第二十一話ー大晦日のお昼一~広瀬家~ー

 そろそろ、年を越す。というか、今日は大晦日の昼過ぎで、年を越せば夏芽はすぐ受験だ。いや、そもそも、十一月末に恋人になるって、夏芽の受験勉強の邪魔でしかないのではないのか? ふと、オレはそんな心配になった。でも、夏芽の方から何度も『好き』と言ってくれたし、キスだってクリスマスに激しいのをした。邪魔ではないのか……?


「でも……」

「迅ー、夏芽ちゃんが迎えに来たわよ」


 母さんがオレを呼んだ。『はいはーい』と、オレは玄関に向かった。玄関では、夏芽と母さんが仲良さそうに、『それはみりんをいれるといいよ』とか、『迅くんの好きそうな料理に挑戦したい』というのが聞こえた。オレの胃袋をつかむために、母さんに料理をうまくなるコツを聞いているみたいだ。


「なんというか、ホントの親子みたいだな」

「迅くーん」


 この姿だけ見ると、受験なんてまだまだ先に見える。きっと、夏芽は家で勉強頑張っているんだろうな。クリスマス会の実行委員で受験勉強出来なかった分取り戻すためにも。それで、息抜きにオレと……。そう考えると愛おしく感じた。そして、無意識のうちに夏芽を抱きしめていた。夏芽はそれをしあわせそうに受け止めてくれた。
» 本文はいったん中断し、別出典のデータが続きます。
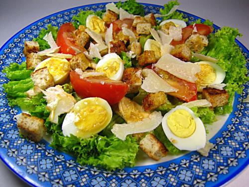 Итак, салат Цезарь. Конечно, к Гаю Юлию "И ты, Брут" Цезарю он никакого отношения не имеет. Изобрел его некто Цезарь Кардини, который содержал ресторанчик в мексиканском городке Тихуана в 20-х годах прошлого века. Благодаря близости к границе, а главное, полному бару спиртного, это заведение было популярно среди измученных сухим законом американцев. И вот, однажды, они так увлеклись отмечанием дня независимости, что умножили на ноль практически всю еду в ресторане. Цезарю пришлось выдумывать закусь из остатков на кухне. Собственно, так этот салат на свет и появился.

「まったく、お母さんがいるのも忘れないでほしいわね」

「すいません……」

「夏芽ちゃんは受け身だからいいのよ。迅!!  外でもこんなことして夏芽ちゃんを困らせてないでしょうね」

「……たぶん、大丈夫?」

「なんで疑問形……」


 夏芽も母さんも同じところにツッコんだ。基本的に、オレも夏芽も感情が爆発しない限り、外では抱きしめ合ったり、キスはしない。恋人繋ぎが……。と思ったが、夏芽と正式に付き合う前に、外で頬にキスされたことを思い出した。


「で、夏芽はなんで来たの?  確か、この後、夏芽の家族とオレで年越しの用意じゃなかったけ?」

「えへへ、迅くんだけと過ごす時間も欲しくて……。あと、お義母さんに年末のあいさつしていなかったの思い出したから」

「んもー夏芽ちゃん、早くお嫁に来てほしいわー」

「ちょ、母さんこそ、変なこと言って、夏芽を困らせるなよ」

「今すぐにでも行きたいです!!」


 『ちょ夏芽!? 』とオレも困惑した。その様子を見て、夏芽は上目遣いで訴えてきた。


「迅くんはわたしと結婚したくない?」

「……たい」

「なんて?」

「したいです!!」


 『ハハッ、これじゃどっちが先輩かわからないね』と母さんは笑って家の中に入った。